Use this article as the keyword-focused path. For the broader reference layer, use Data Engineer Role and Data Engineering Roadmap. Then connect your project to Data Engineering Portfolio Projects and Career Transitions in Data.
Start With The Work
A data engineer moves data from source systems into usable datasets. That work includes ingestion, raw storage, transformation, and orchestration. It also includes quality checks, documentation, access, and recovery when a run breaks. For a beginner, the first target isn’t a huge tool list. The first target is being able to build and explain one small data path end to end.
In Build a Data Engineering Career, Jeff Katz explains why a junior curriculum can postpone Spark, Kafka, and Kubernetes at 38:05. At 56:46, he frames the path as mostly Python and SQL, with a smaller layer of tools and cloud basics. That’s useful permission to narrow your plan.
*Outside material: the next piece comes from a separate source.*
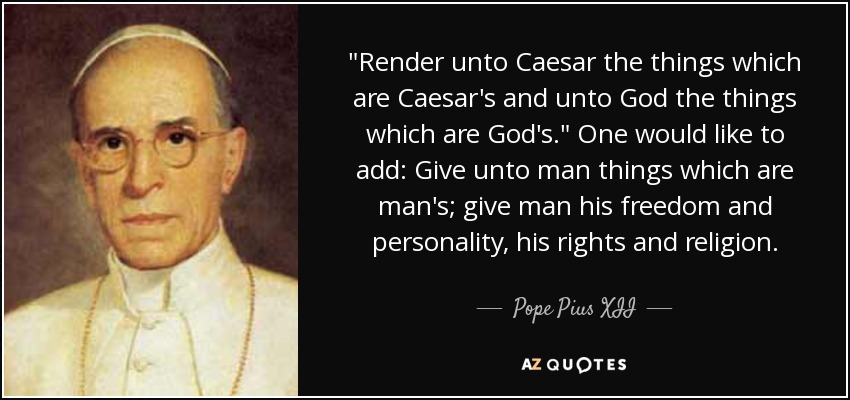 "Render unto Caesar the things which are Caesar's and unto God the things which are God's." One would like to add: Give unto man things which are man's; give man his freedom and personality, his rights and religion.

Your first target should prove that you can:
- pull data from an API, files, database export, or simulated event source
- store raw records before transforming them
- clean and model data with SQL
- run the workflow without manual notebook clicks
- test for missing fields, duplicate rows, late data, or schema changes
- document setup, table meaning, consumer needs, tradeoffs, and recovery steps
This maps to the Data Engineering Roadmap without pretending that a beginner must master every production platform before applying.
Learn SQL And Python First
SQL and Python are the first proof layer because they show direct work with data. Tools matter, but a project that names Airflow, Docker, and a warehouse while hiding weak SQL and Python won’t help much in an interview.
In Data Engineering Job Prep and Interview Guide, Jeff Katz warns at 1:49 that many projects list tools while showing too little Python and SQL. At 2:22, he asks for cleaner code and descriptive names. He also asks for useful functions, classes where they help, and tests. At 7:46, he describes technical screens with SQL, Python, and take-home data tasks.
For SQL, practice:
- joins, aggregations, common table expressions, and window functions
- table grain, primary keys, and basic data modeling
- validation queries for row counts, nulls, uniqueness, and accepted values
- readable transformations that another person can review
For Python, practice:
- reading files and calling APIs
- handling pagination, configuration, bad records, and retries
- loading data into storage
- writing small functions with clear names
- adding tests
- packaging the project so another person can run it
Use Data Engineering Tools and Modern Data Stack after the fundamentals, not as a substitute for them.
Build One End-To-End Portfolio Pipeline
Your first portfolio project should prove a complete data path, not a perfect production platform. Choose one source and one consumer. The source might be a public API or open data files. It could also be a database dump, a permitted scrape, or a simulated change-data feed.
The consumer might be a dashboard, analyst, or data mart. It could also be an ML training table, product workflow, or alert.
Gloria Quiceno gives a useful portfolio example in her data engineering job story. At 50:15, she discusses a Twitter data pipeline capstone using Docker containers and a Slack bot. At 51:42, she explains why custom projects stand out more than repeated course projects. Candidates can explain the topic, the data, and the design choices.
Make the project defensible:
- keep raw data separate from transformed data
- use SQL to create cleaned and modeled tables
- use Python for ingestion, validation, loading, or orchestration glue
- add one scheduler, command-line entry point, or simple orchestrator
- add tests for freshness, counts, nulls, uniqueness, or schema changes
- write a README, data dictionary, and small runbook
- describe one tradeoff, one bug, and one future improvement
Use Data Engineering Portfolio Projects as the review standard, and use Data Engineering Pipeline Project if you want a single-project blueprint.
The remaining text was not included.